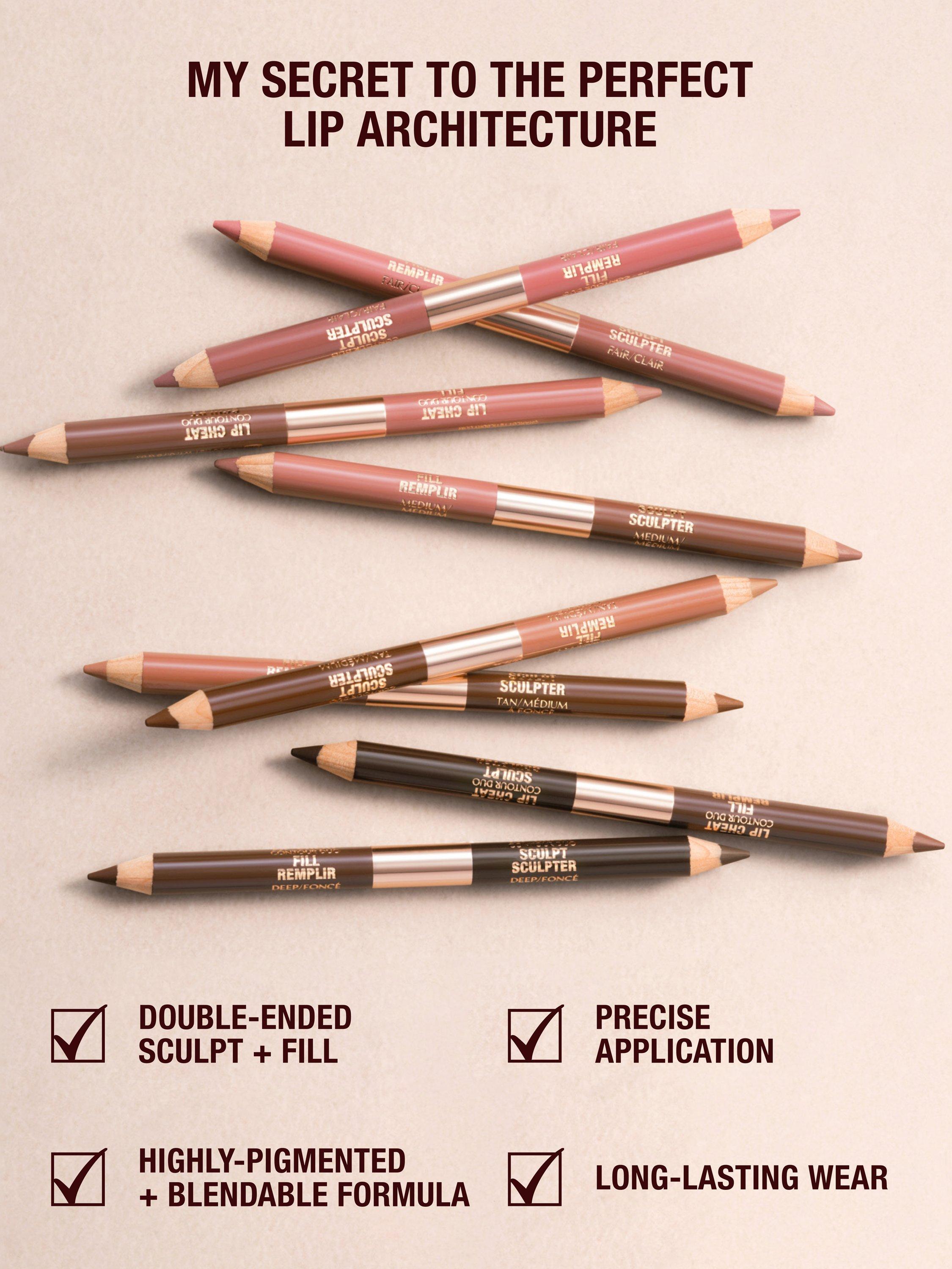 "A good nude should look good and work hard! When creating my Lip Cheat Contour Duos, I studied the nude undertones and overtones that lips of all skin tones are naturally blessed with, then formulated fair, medium, tan and deep lip liner duos with a flawless balance of beige, brown, peach and blush tones. Each shade is super-nuanced and super-intelligent, creating super-wearable looks that beautify every complexion, whether you have fair, medium, or deep skin, from cool to warm." Charlotte Tilbury MBE.
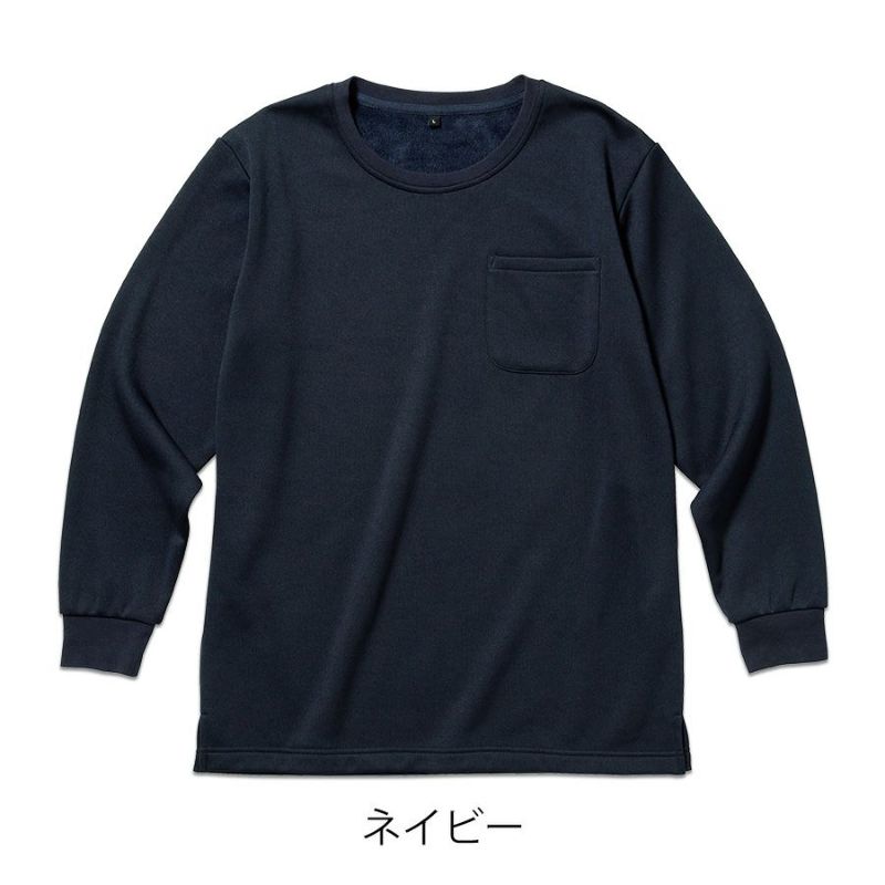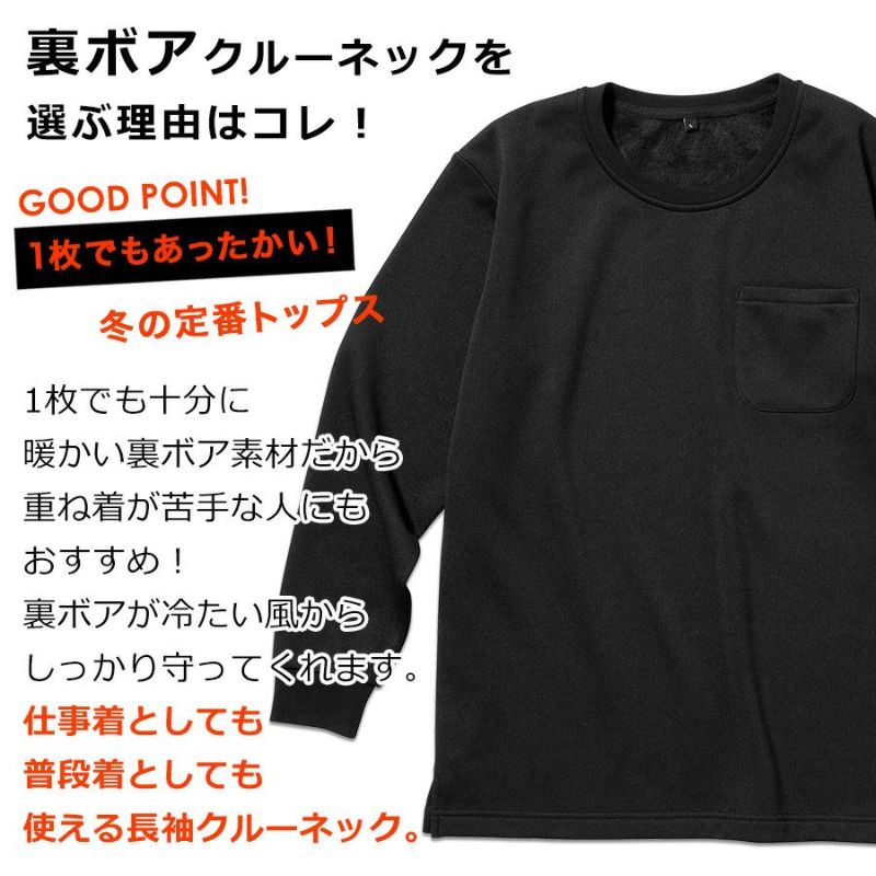 1枚で暖かい裏ボア長袖クルーネックは冬の重ね着が苦手な方にも安心です。
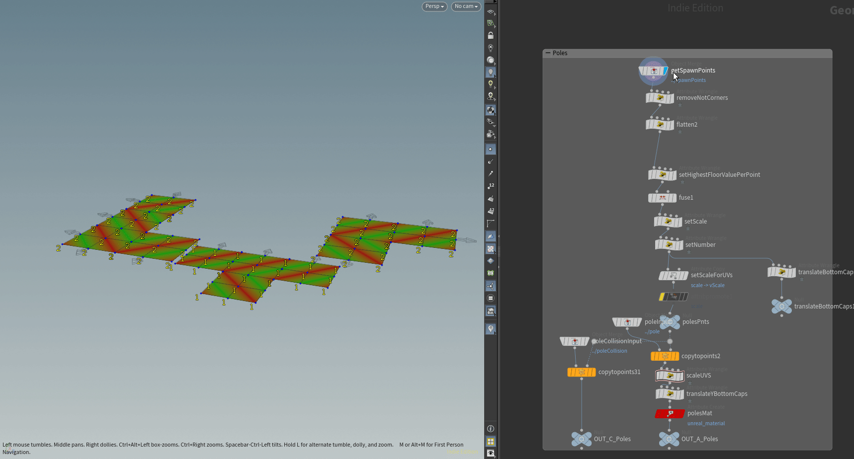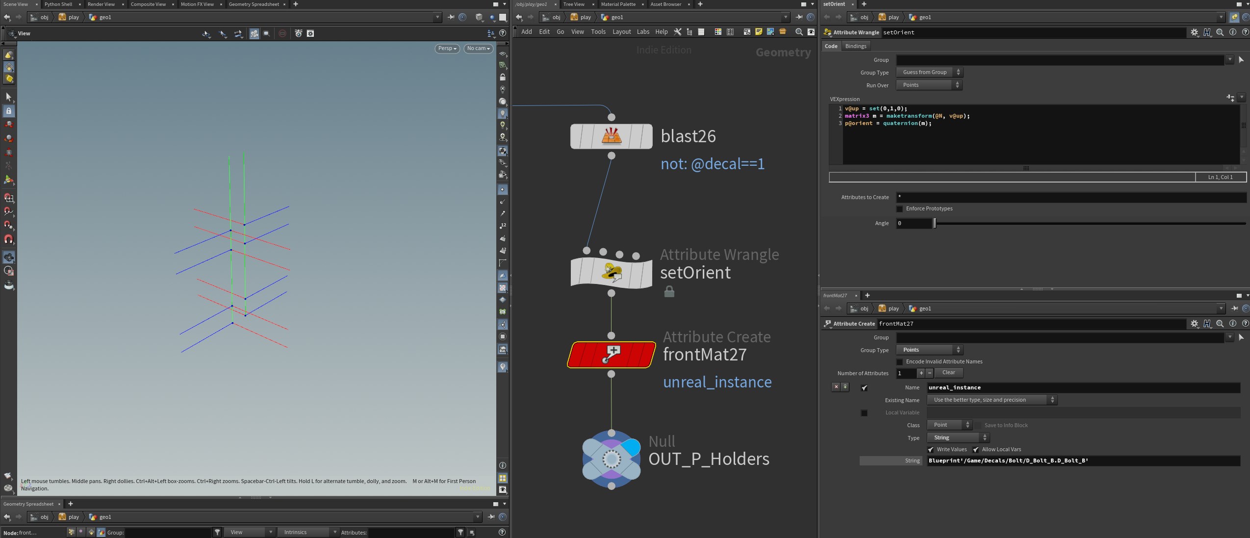 Una de las últimas partes que he añadido ha sido la opción de generar calcomanías. Para ello, comienzo creando algunos puntos y luego configuro su atributo de orientación para que se ajuste correctamente en Unreal Engine. Además, establezco un atributo de cadena llamado "unreal_instance" que hace referencia a la calcomanía que se desea utilizar. En este caso, utilizo un plano. Para algunos lugares, como las paredes, también establezco la escala de las calcomanías para que se ajusten al ancho o alto de la pared si se modifica su tamaño.
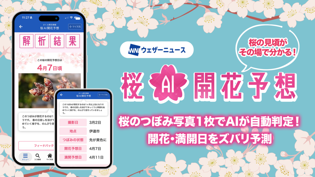 『桜AI開花予想』および「さくら開花情報」は累計5,000万ダウンロードを突破し、予報精度および国内利用者数No.1のお天気アプリ「ウェザーニュース」でご利用いただけます。本アプリは、1kmメッシュのピンポイント天気予報や5分ごとの詳細な気象予報、AIが天気に基づく最適な行動判断を支援するお天気エージェントなどを無料で提供しており、お洗濯情報や服装予報といった日々の生活に役立つ多彩なコンテンツも充実しています。
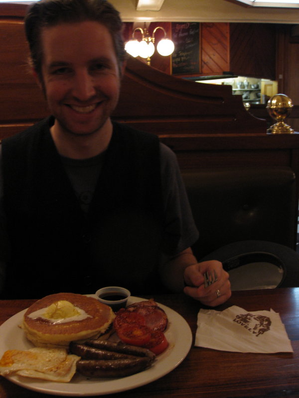 I didn’t finish the tomatoes (just empty vitamins). I did, however, steal some of CJ’s maple syrup – because although bacon and maple syrup is gross, when served with a pancake it’s sheer gastronomical genius.
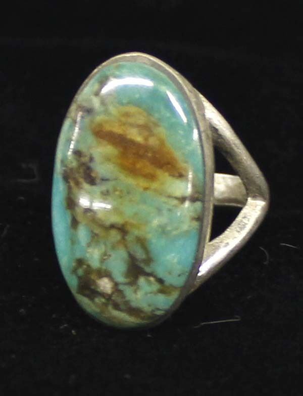 Native American Silver & Morenci Turquoise Ring, size 6.5, stunning turquoise cabochon that measures 1''L x .5''W, looks beautiful on
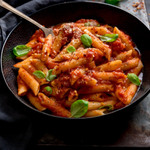 - Cozinhe a massa penne numa panela grande com água a ferver e temperada com sal, de acordo com as instruções da embalagem. Escorrer a massa, reservando 1 chávena da água.
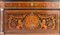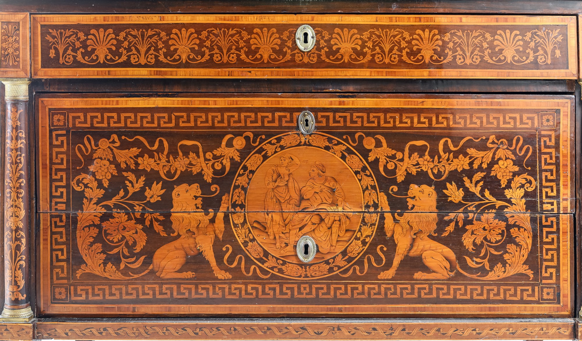 Cassettone in noce intarsiato con specchiera en suite, XIX secolo cm 92,5x126x58,5 e cm 135x108 decorati da tarsie di gusto neoclassico su ogni partizione: la facciata del cassettone è racchiusa da una greca e reca al centro un grande medaglione con figure pirografate racchiuso da una ghirlanda fiorita; ai lati figure di leone, girali fitomorfe con corolle multiformi e nastri svolazzanti; i fianchi, incorniciati da girali, sono centrati da grandi coppe biansate idealmente poggiate su cespi vegetali incorniciati da festoni e nastri; cascatelle fiorite impreziosiscono le lesene laterali e i pilastri; un cassetto nella fascia percorso da cespi alternati a palmette e due sottostanti privi di traversa delimitati da lesene semicircolari con finiture in bronzo cesellato e dorato; piedi rastremati. La specchiera dalle analoghe caratteristiche stilistiche e decorative, è caratterizzata da una cornice a più ordini di tarsie a motivi lineari, geometrici e fitomorfi
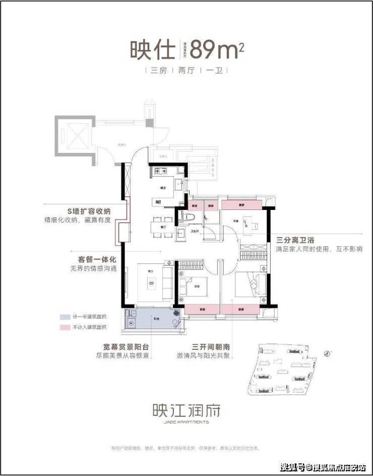 刚需房就要考虑三代人同住或者一家四口居住对房间数量的要求,这样考虑的话,房子最少应该是三居室,那89㎡的紧凑型小三房就更合适。
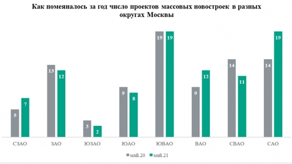 В мае 2021 года в Северном административном округе (САО) Москвы застройщики реализовывали 19 проектов массовых новостроек, тогда как год назад их было 14. По текущему числу ЖК САО потеснил постоянного лидера московского девелопмента экономичных комплексов – Юго-Восточный административный округ (ЮВАО), где реализуют 19 проектов, хотя этот показатель не изменился.
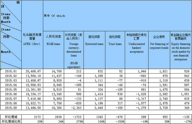 初步统计,2015年前三季度社会融资规模增量为11.94万亿元,比去年同期少5786亿元。其中:
= = = = = = =
## What the exercise asks
Beginning at the line above that contains "1枚で暖かい裏ボア長袖クルーネックは冬の重ね着が苦手な方にも安心です。", repeat each line exactly through the one that contains "- Cozinhe a", and leave out the pictures.

## Response box
 1枚で暖かい裏ボア長袖クルーネックは冬の重ね着が苦手な方にも安心です。
 Una de las últimas partes que he añadido ha sido la opción de generar calcomanías. Para ello, comienzo creando algunos puntos y luego configuro su atributo de orientación para que se ajuste correctamente en Unreal Engine. Además, establezco un atributo de cadena llamado "unreal_instance" que hace referencia a la calcomanía que se desea utilizar. En este caso, utilizo un plano. Para algunos lugares, como las paredes, también establezco la escala de las calcomanías para que se ajusten al ancho o alto de la pared si se modifica su tamaño.
 『桜AI開花予想』および「さくら開花情報」は累計5,000万ダウンロードを突破し、予報精度および国内利用者数No.1のお天気アプリ「ウェザーニュース」でご利用いただけます。本アプリは、1kmメッシュのピンポイント天気予報や5分ごとの詳細な気象予報、AIが天気に基づく最適な行動判断を支援するお天気エージェントなどを無料で提供しており、お洗濯情報や服装予報といった日々の生活に役立つ多彩なコンテンツも充実しています。
 I didn’t finish the tomatoes (just empty vitamins). I did, however, steal some of CJ’s maple syrup – because although bacon and maple syrup is gross, when served with a pancake it’s sheer gastronomical genius.
 Native American Silver & Morenci Turquoise Ring, size 6.5, stunning turquoise cabochon that measures 1''L x .5''W, looks beautiful on
 - Cozinhe a massa penne numa panela grande com água a ferver e temperada com sal, de acordo com as instruções da embalagem. Escorrer a massa, reservando 1 chávena da água.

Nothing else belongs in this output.